Para cuidar nuestras alpargatas,
como se merecen, es importante
saber que no todas son iguales

Clásicas/bajas y destalonadas

(confeccionadas, exclusivamente, con yute y lona de algodón)

Todas las demás

(en su confección, además del yute y el algodón, se emplean otros materiales para la elaboración de las cuñas, el almohadillado del piso...)

Lo primero: ELIMINAR los PREJUICIOS

PASOS a seguir para LIMPIAR las ALPARGATAS

Las alpargatas tienen ya muchos años de existencia. 
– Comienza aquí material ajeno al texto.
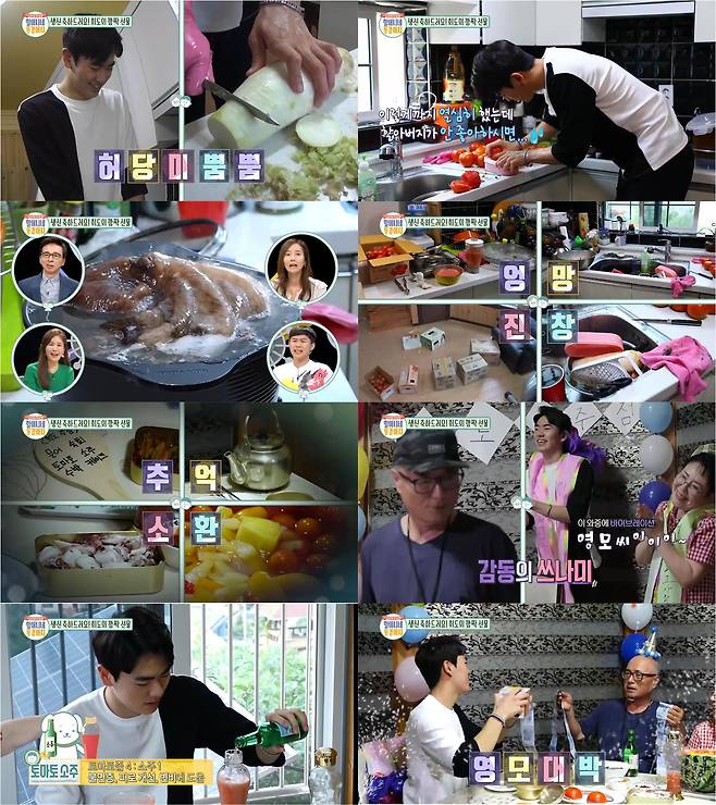 하지만, 50여 년 전 할머니와 할아버지의 첫 만남을 고스란히 재현한 주점 콘셉트의 생일상과 할아버지 맞춤형 토마토 소주 그리고 뽑으면 천 원짜리 지폐가 줄줄이 나오는 특별한 돈 휴지 박스를 선물해 남능미♥정영모 부부를 흐뭇하게 했다.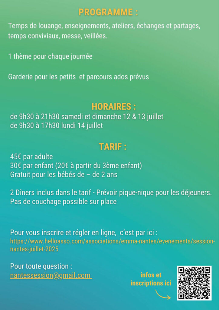 La communauté de l’Emmanuel organise une session d’été du 12 au 14 Juillet 2025 à l’église Sainte-Madeleine (paroisse Sainte-Madeleine de Nantes)

Y, en todo este tiempo, los prejuicios han anidado a su vera.
   
  Algunos:
   
        
             

       
1.- Las alpargatas NO se pueden MOJAR.


     
2.- Si (por una desgracia) llegaran a mojarse, el esparto se inflaría, las alpargatas se pudrirían y olerían muy, muy mal.

   
           
3. ¿Lavadora?; jajajajajajajaja...

1.- Equiparnos con los elementos necesarios

      • dos trapos secos
      • un cepillo de uñas
      • jabón neutro
      • agua templada

             
                             
                                     

               

2.- Colocar uno de los trapos en el interior de la alpargata para evitar que se moje.


3.- Añadir un poco de jabón sobre el cepillo humedecido y frotar con él, tanto la loneta como el esparto.


4.- Con el otro trapo, este ligeramente humedecido, retirar todos los restos de jabón que hayan podido 
quedar en la alpargata.


5.- Repetir la operación hasta que no quede nada de jabón en la alpargata.